◆ What is required:
Set down, exactly and with no pictures, the line that contains "Диван Suita Sofa" and all lines after it in the listing.

◆ Input data:
□ □ □ □ □
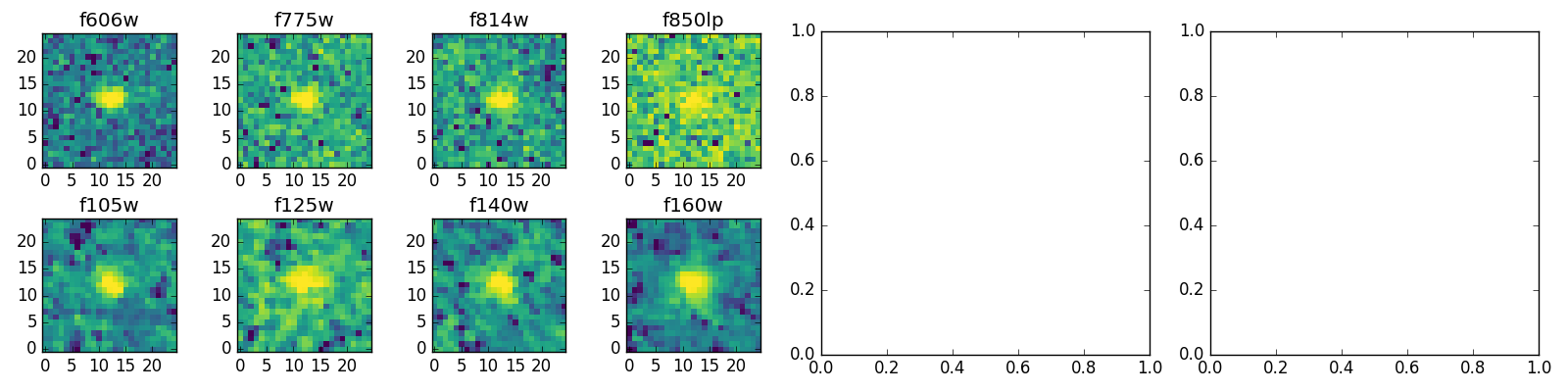 Black segments are analyzed here. Roll mouse over color images to view segments. Best viewed in a wide browser window (1200 pixels or more). Download SED & P(z) plots to view larger versions.
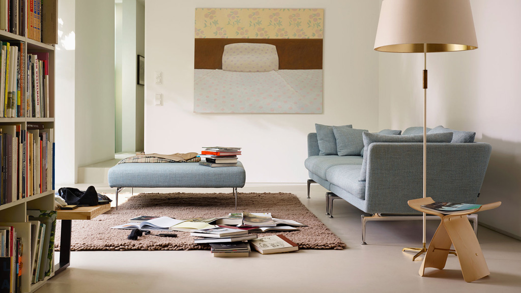 Диван Suita Sofa от дизайнера Antonio Citterio был впервые представлен в 2010 г. на мебельной выставке в Милане. Диван получил свое название в честь альпийской области Швейцарии, граничащей с Италией. Suita Sofa - это часть целого модельного ряда мебели, который может комбинироваться в различных вариантах. Suita Sofa была задумана как классический диван, отдельные части которого могут использоваться по разному, а компактный и сдержанный дизайн позволяет легко вписаться в любое окружающее пространство. Каркас из стальных трубок, ножки из литого полированного алюминия, наполнитель - пенополиуретан, обивка - ткань или кожа различных категорий. Дополнительно можно приобрести декоративные подушки, украшенные мотивами, распространенными в швейцарском катоне Граубюнден, сделанные из тканей дизайнера Alexander Girard. Для заказа доступны различные размеры и комбинации.
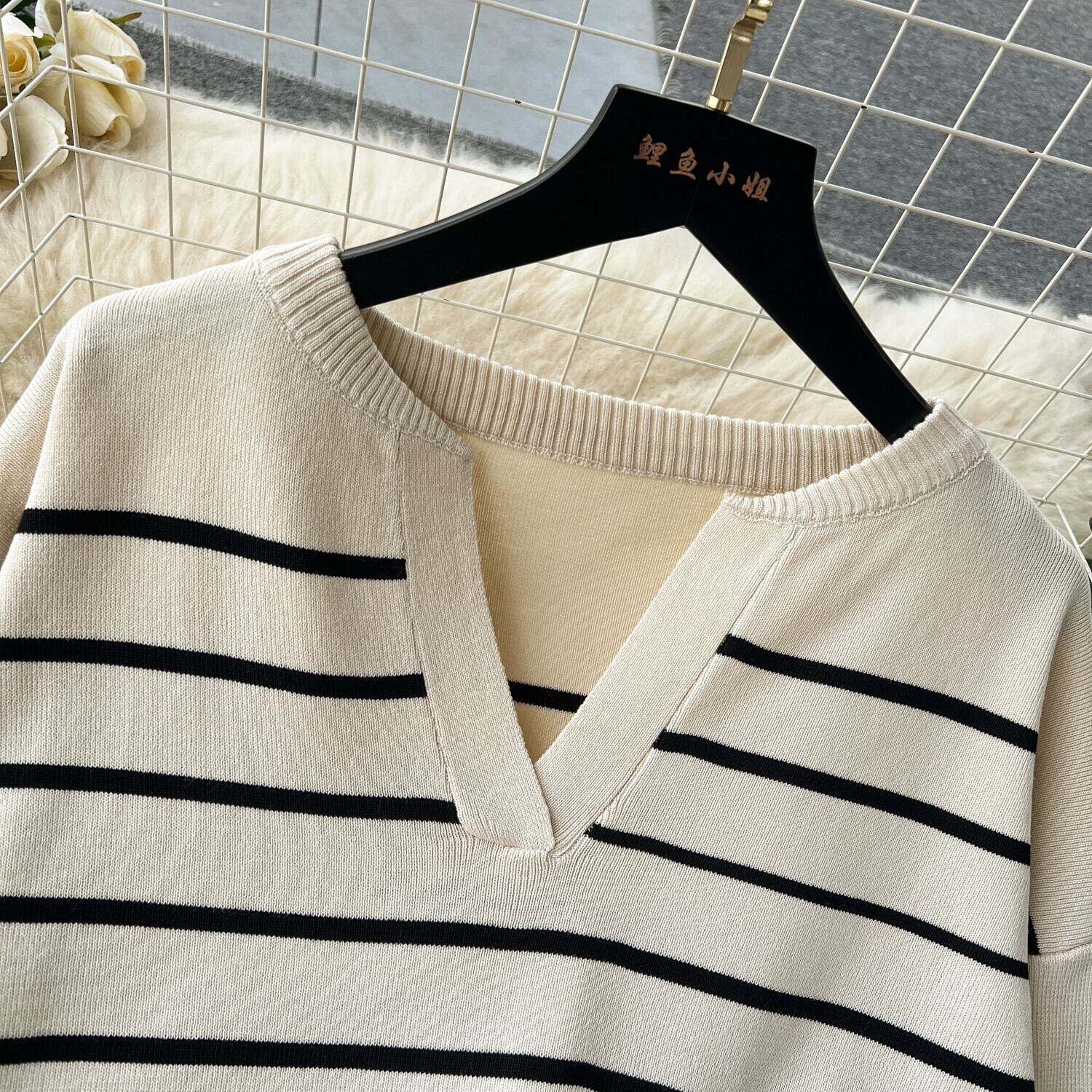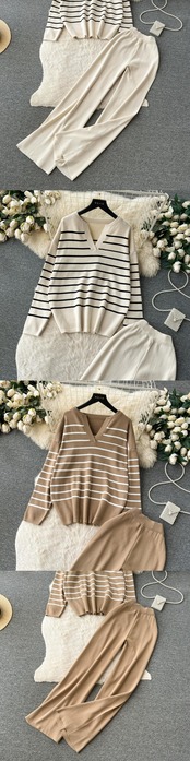 秋と冬のスタイルカジュアルツーピーススーツ女性、ルーズVネックストライプセーター+伸縮性ウエストドレープパンツ エラスティック オータム 秋物 ウィンター 冬物 lyxaj22696370056
□ □ □ □ □
◆ Expected answer:
 Диван Suita Sofa от дизайнера Antonio Citterio был впервые представлен в 2010 г. на мебельной выставке в Милане. Диван получил свое название в честь альпийской области Швейцарии, граничащей с Италией. Suita Sofa - это часть целого модельного ряда мебели, который может комбинироваться в различных вариантах. Suita Sofa была задумана как классический диван, отдельные части которого могут использоваться по разному, а компактный и сдержанный дизайн позволяет легко вписаться в любое окружающее пространство. Каркас из стальных трубок, ножки из литого полированного алюминия, наполнитель - пенополиуретан, обивка - ткань или кожа различных категорий. Дополнительно можно приобрести декоративные подушки, украшенные мотивами, распространенными в швейцарском катоне Граубюнден, сделанные из тканей дизайнера Alexander Girard. Для заказа доступны различные размеры и комбинации.
 秋と冬のスタイルカジュアルツーピーススーツ女性、ルーズVネックストライプセーター+伸縮性ウエストドレープパンツ エラスティック オータム 秋物 ウィンター 冬物 lyxaj22696370056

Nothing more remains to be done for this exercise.